The gourd I am going to use this time is huge. I put a yardstick across the hole to show how big it is.
You can see that the left side of the hole is at the 10" mark and the right side of the hole is at the 24" mark. That makes the hole 14" across. My skins are only 16" across, so this will challenge my ability to stretch a skin. Here is a photo of one of the skins sitting on the gourd.
There is not a whole lot of overlap there to play with. Fortunately I don't have to stretch the skin very tight to get it done since it stretches itself as it dries.
While I was cleaning the gourds last Summer, I noticed a couple of cracks in this one. Here is a photo from last Summer
Here are some closeups I just shot to illustrate the problem.
From the inside.
The crack on the right side.
The crack on the left side.
These cracks could severely compromise the strength of the gourd when it is under tension of the head. The crack on the right goes down the side of the gourd pretty far, and I would not be surprised if it increased in length until it split the gourd.
Since the force of the head tension is a compression on the edge of the gourd that should tend to close up the cracks instead of spreading them apart. However I would prefer to be safe rather than sorry, so I am going to try to fix them before I invest a lot of time in this gourd.
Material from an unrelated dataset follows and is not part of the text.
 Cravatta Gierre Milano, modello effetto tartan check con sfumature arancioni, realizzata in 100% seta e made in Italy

I asked a few people about how to fix this problem and I received many suggestions from bracing the inside with wood to using a fiberglass auto body repair kit inside of the rim. It looks to me like the gourd will hold up if I can keep the cracks from getting any worse. I don't want to do too much to it and spoil the natural look and feel of the gourd.
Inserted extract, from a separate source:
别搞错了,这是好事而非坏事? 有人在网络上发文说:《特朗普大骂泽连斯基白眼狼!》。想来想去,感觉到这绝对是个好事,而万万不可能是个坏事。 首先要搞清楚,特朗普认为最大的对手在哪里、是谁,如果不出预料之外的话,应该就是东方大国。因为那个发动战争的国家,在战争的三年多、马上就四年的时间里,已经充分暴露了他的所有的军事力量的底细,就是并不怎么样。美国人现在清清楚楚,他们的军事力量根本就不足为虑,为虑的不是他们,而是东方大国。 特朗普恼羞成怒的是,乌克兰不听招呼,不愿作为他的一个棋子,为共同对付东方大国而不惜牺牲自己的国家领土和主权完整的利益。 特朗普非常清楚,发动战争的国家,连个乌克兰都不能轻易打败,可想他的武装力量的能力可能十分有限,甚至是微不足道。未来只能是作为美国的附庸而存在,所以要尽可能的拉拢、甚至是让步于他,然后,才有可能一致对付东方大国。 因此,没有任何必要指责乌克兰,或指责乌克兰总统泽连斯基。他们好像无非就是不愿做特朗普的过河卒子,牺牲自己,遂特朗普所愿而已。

The fiberglass fix intrigued me, but fiberglass really is just a glass matrix held together with epoxy resin of some kind. I thought that maybe I don't need the matrix and that just some epoxy will work. If I glue the cracked pieces together so that they cannot move any more that should stabilize the cracks and keep them from growing. Here is what I got at the store.
I made some small applicators out of toothpicks for pushing the glue into the cracks. I just cut off the pointy ends and crushed the fibers flat with my pliers.
The dual cylinder epoxy container automatically squeezes out equal portions of the two ingredients. I mixed up a batch on a plastic top. Boy, does that stuff stink!
I pushed as much glue as I could into the cracks from the inside of the gourd and then put some tension on it using a piece of string. The glued cracks are just to the right at the top of the picture.
The idea here is that the pressure from the tight string will bend the sides inward and close up the gaps until the epoxy dries. I don't know if this actually helped or not.
Here are some photos of the final fix. First a closeup of the glue in the cracks.
Here is a view of the fix from a bit farther back, plus a 3D version of the photo.
I took a photo of me holding the gourd so that you can see how huge this thing is. The shape of the gourd is more evident in the 3D photo.
Me Holding The Gourd3-D
That is it for fixing the cracked gourd. I will not know if this will hold until I actually stretch the skin on it, and that will not happen for many months because I need warm weather to do that work.
I don't remember how long I spent doing this. One hour? I usually try to keep track of the time I spend on the project just to see how long it takes to make a banjo by hand. So I will claim 1 hour for this.